## Input material:
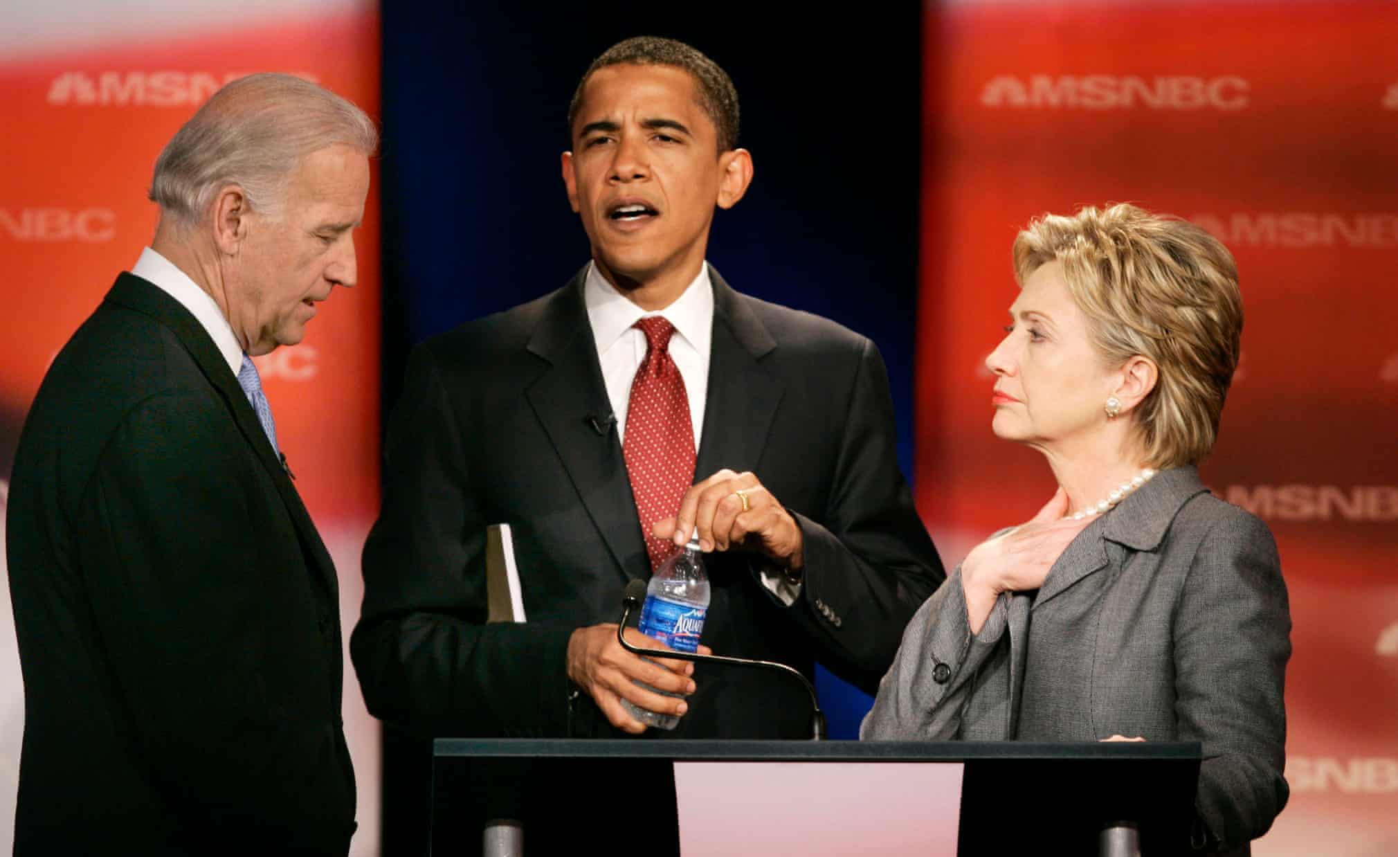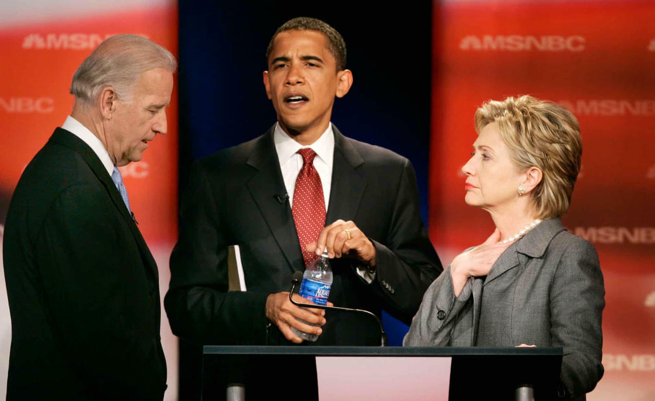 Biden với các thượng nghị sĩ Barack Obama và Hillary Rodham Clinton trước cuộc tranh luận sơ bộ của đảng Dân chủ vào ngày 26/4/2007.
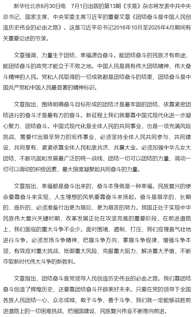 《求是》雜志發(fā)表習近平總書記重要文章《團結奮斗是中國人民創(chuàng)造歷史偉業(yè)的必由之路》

==

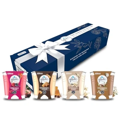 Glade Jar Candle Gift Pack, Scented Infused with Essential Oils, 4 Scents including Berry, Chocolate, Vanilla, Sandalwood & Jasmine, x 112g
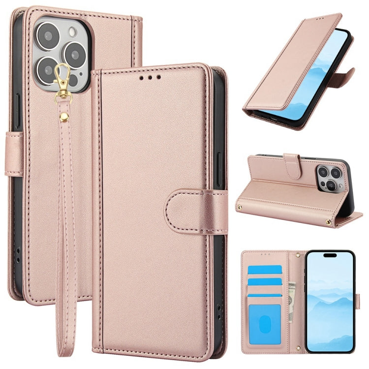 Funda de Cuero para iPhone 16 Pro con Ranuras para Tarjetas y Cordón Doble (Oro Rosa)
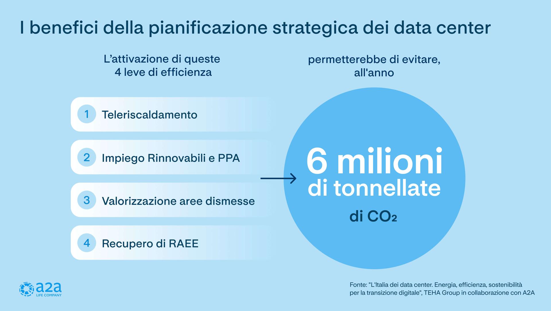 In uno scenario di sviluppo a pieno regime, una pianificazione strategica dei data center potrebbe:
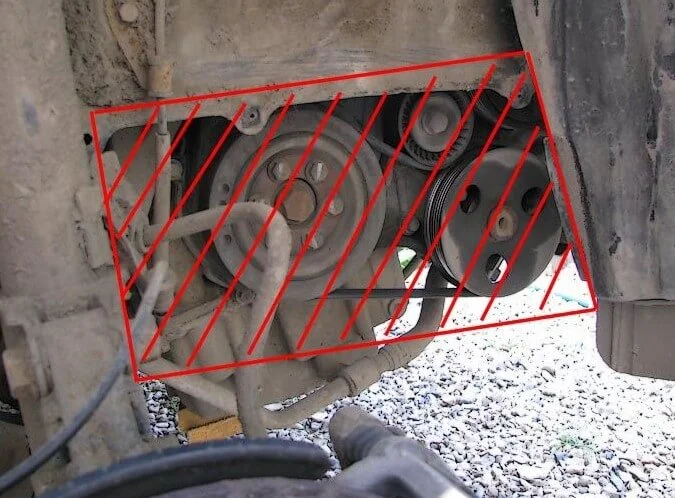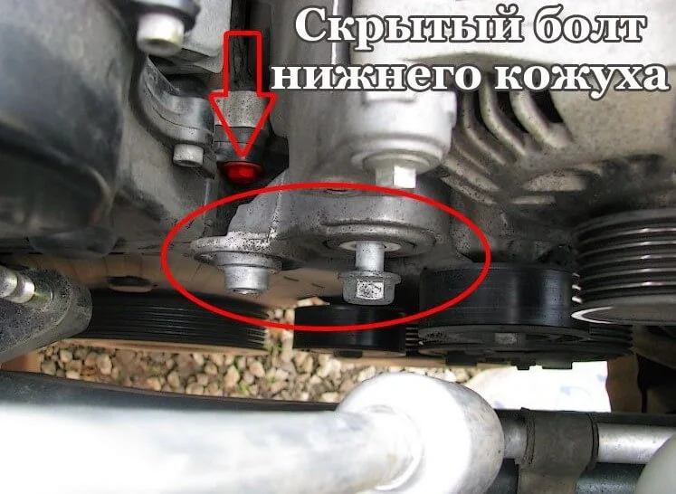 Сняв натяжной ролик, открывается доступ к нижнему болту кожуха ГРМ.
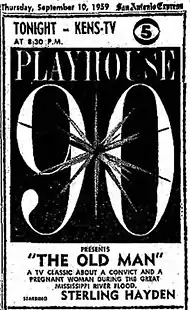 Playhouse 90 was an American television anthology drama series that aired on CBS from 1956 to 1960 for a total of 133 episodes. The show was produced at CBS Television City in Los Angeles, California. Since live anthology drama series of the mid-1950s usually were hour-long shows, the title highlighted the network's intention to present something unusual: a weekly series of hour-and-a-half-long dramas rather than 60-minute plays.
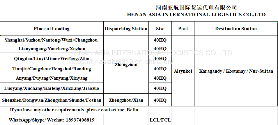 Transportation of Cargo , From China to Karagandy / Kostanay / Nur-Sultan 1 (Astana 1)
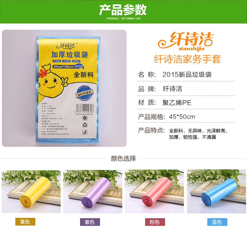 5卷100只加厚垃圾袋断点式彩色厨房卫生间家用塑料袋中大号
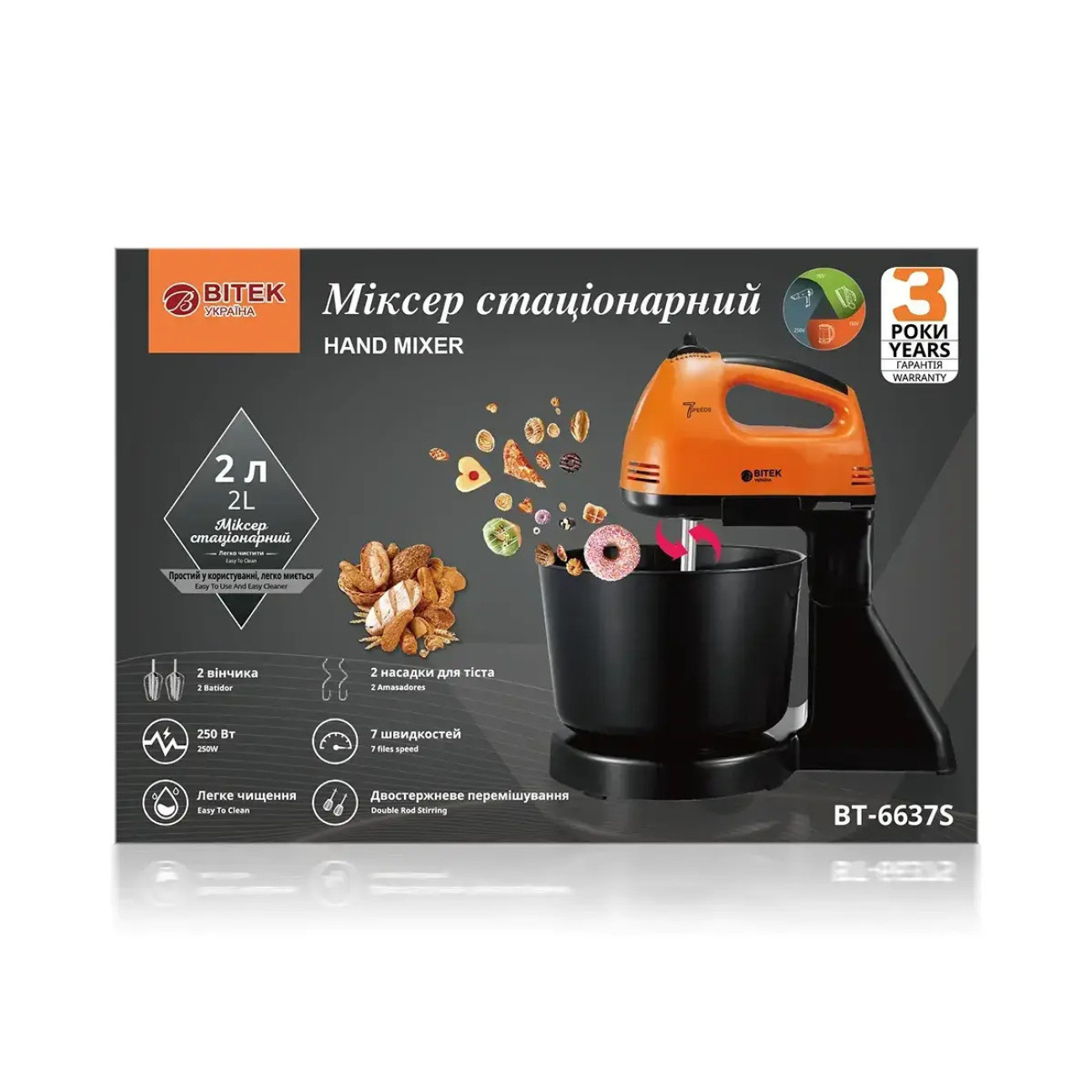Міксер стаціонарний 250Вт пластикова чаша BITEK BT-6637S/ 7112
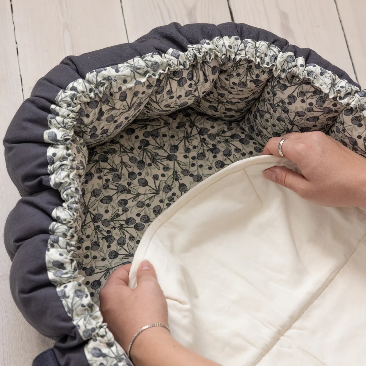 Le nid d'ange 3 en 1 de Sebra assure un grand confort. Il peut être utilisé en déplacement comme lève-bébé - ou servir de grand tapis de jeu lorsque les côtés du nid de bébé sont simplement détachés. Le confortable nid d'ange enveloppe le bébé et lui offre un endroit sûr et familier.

## What you need to do:
Beginning at the line above that contains "5卷100只加厚垃圾袋断点式彩色厨房卫生间家用塑料袋中大号" and going on through the line that contains "Le nid d'ange 3", please copy every line exactly, leaving the pictures out and adding nothing.

## Expected answer:
 5卷100只加厚垃圾袋断点式彩色厨房卫生间家用塑料袋中大号
Міксер стаціонарний 250Вт пластикова чаша BITEK BT-6637S/ 7112
 Le nid d'ange 3 en 1 de Sebra assure un grand confort. Il peut être utilisé en déplacement comme lève-bébé - ou servir de grand tapis de jeu lorsque les côtés du nid de bébé sont simplement détachés. Le confortable nid d'ange enveloppe le bébé et lui offre un endroit sûr et familier.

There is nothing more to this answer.